In fitness, this mistake shows up constantly. People compare themselves to past versions that no longer represent their current median. Former athletes attempt workouts that would have been challenging even at their peak and end up injured. People eat well for weeks, step on the scale, and expect to see the number they weighed decades ago. Even genuine progress feels like failure when the comparison point is an outlier.
Bodies change. Environments change. That mythically low weight or perfect training cycle was the result of many factors that no longer exist. Sometimes it was something flukey like a faulty scale. Outliers are terrible benchmarks!
A better approach is to treat third standard deviation experiences for what they are—rare. Enjoy them when they happen, but don’t chase them.
Real progress lives much closer to the center of the curve.

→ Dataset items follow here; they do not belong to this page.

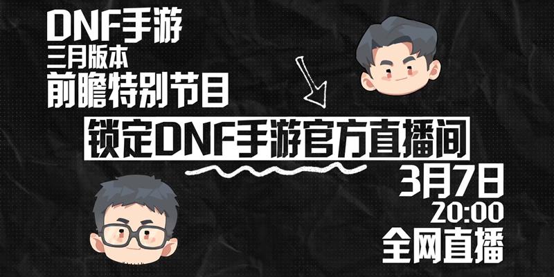 DNF手游的三月版本前瞻特别节目正式定档,将于2025年3月7日20:00举行,届时将会公布新版本的各项内容。
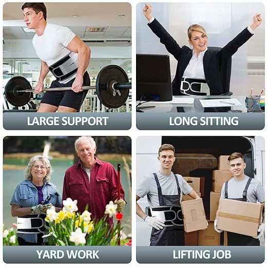 - Perfect Fit with 6 Sizes: Our back brace features upgraded high-density velcro fasteners that allow you to adjust the level of compression. It is available in six sizes to ensure a precise fit for everyone - S (25.9”-31.5”), M (31.5”-37.4”), L (35.4”-41.3”), and XL (41.3”-45.2”),XXL(45.2”-50.3”),XXXL(50.3”-56.6”). Make sure to measure your belly circumference for the best fit.
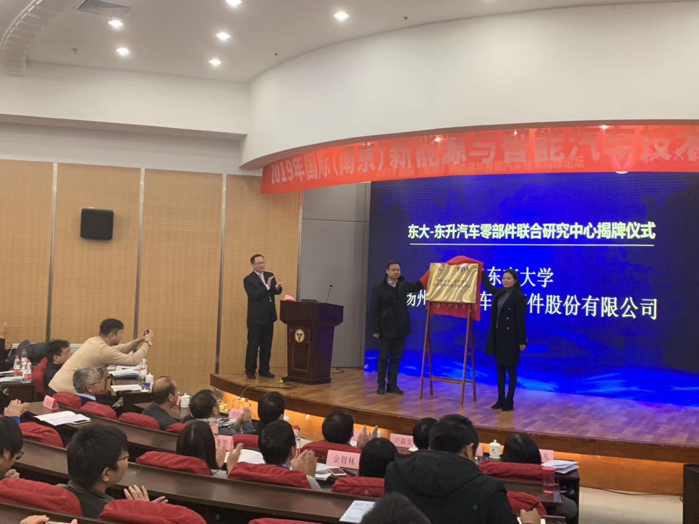 副校长在开幕式上致辞,欢迎来自国内外的专家学者和与会代表,并介绍了我校科研事业发展概况以及新能源与智能汽车领域的科研进展与成果。江苏省工业和信息化厅副厅长池宇代表江苏省工业和信息化厅致辞,并对本次会议提出了期望和要求。随后江苏省工业和信息化厅产业转型升级处处长卢载贵宣布了江苏省新能源汽车先进技术产品名录发布仪式,信息化厅副厅长池宇和江苏省工业和信息化厅产业转型升级处处长卢载贵为收录产品代表人进行了颁奖。之后进行了“东大-东升汽车零部件联合研究中心”揭牌仪式。

You don’t need a flawless workout every day. You don’t need perfect nutrition. Aim to be modestly better than your current average and middle ground. Think of it as nudging your first standard deviation to the right, not recreating lightning in a bottle.
Some days will be better than that. Some will be worse. Over time, consistent small improvements pull the entire curve in the positive direction. What was once slightly above average becomes your new normal.
From there, you repeat the process.
When your efforts land on the low side of the curve, don’t spiral. Bad days are statistically guaranteed. Take them as part of the distribution and keep going. The curve will swing back.
To sum it up:
Cherish rare peak experiences when they appear, but don’t center your life around them. They’re unicorns, appearing when you least expect them. Treat them as such.
Real change happens slowly, without fanfare, at the first standard deviation. Make it your home base for daily effort and watch the results roll in!